Exercise requirements » Copy out all of the lines below exactly; the pictures do not belong in the copy.

Stored data »

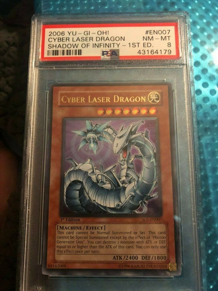 YUGIOH 1ST ED SOI-EN007 CYBER LASER DRAGON ULTIMATE RARE HOLO PSA 8 NM-MINT #*
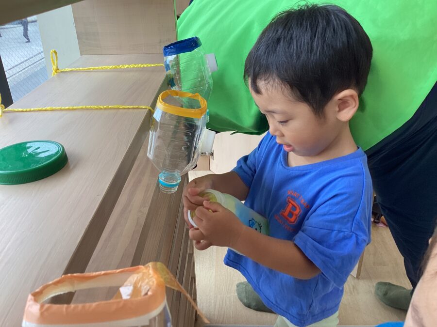 ペットボトルのコップにピンクや水色、オレンジなどのビニールの帯をたくさん入れてゴクゴク美味しそうに飲んでいましたよ
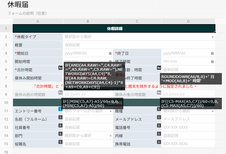 また、自分で休暇届シートを設計したいものの、どのように数式を書けばよいか分からない場合は、下記の画像を参考にしてください。
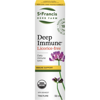 Deep Immune sans réglisse soutient et fortifie le système immunitaire en rétablissant l'équilibre inné du corps grâce à l'action synergique de sept puissantes herbes adaptogènes qui ont un long pedigree dans la tradition TCM du qi défensif, qui considère la maladie en termes militaires comme une force d'invasion qui doit être repoussée.

Task solution »
 YUGIOH 1ST ED SOI-EN007 CYBER LASER DRAGON ULTIMATE RARE HOLO PSA 8 NM-MINT #*
 ペットボトルのコップにピンクや水色、オレンジなどのビニールの帯をたくさん入れてゴクゴク美味しそうに飲んでいましたよ
 また、自分で休暇届シートを設計したいものの、どのように数式を書けばよいか分からない場合は、下記の画像を参考にしてください。
 Deep Immune sans réglisse soutient et fortifie le système immunitaire en rétablissant l'équilibre inné du corps grâce à l'action synergique de sept puissantes herbes adaptogènes qui ont un long pedigree dans la tradition TCM du qi défensif, qui considère la maladie en termes militaires comme une force d'invasion qui doit être repoussée.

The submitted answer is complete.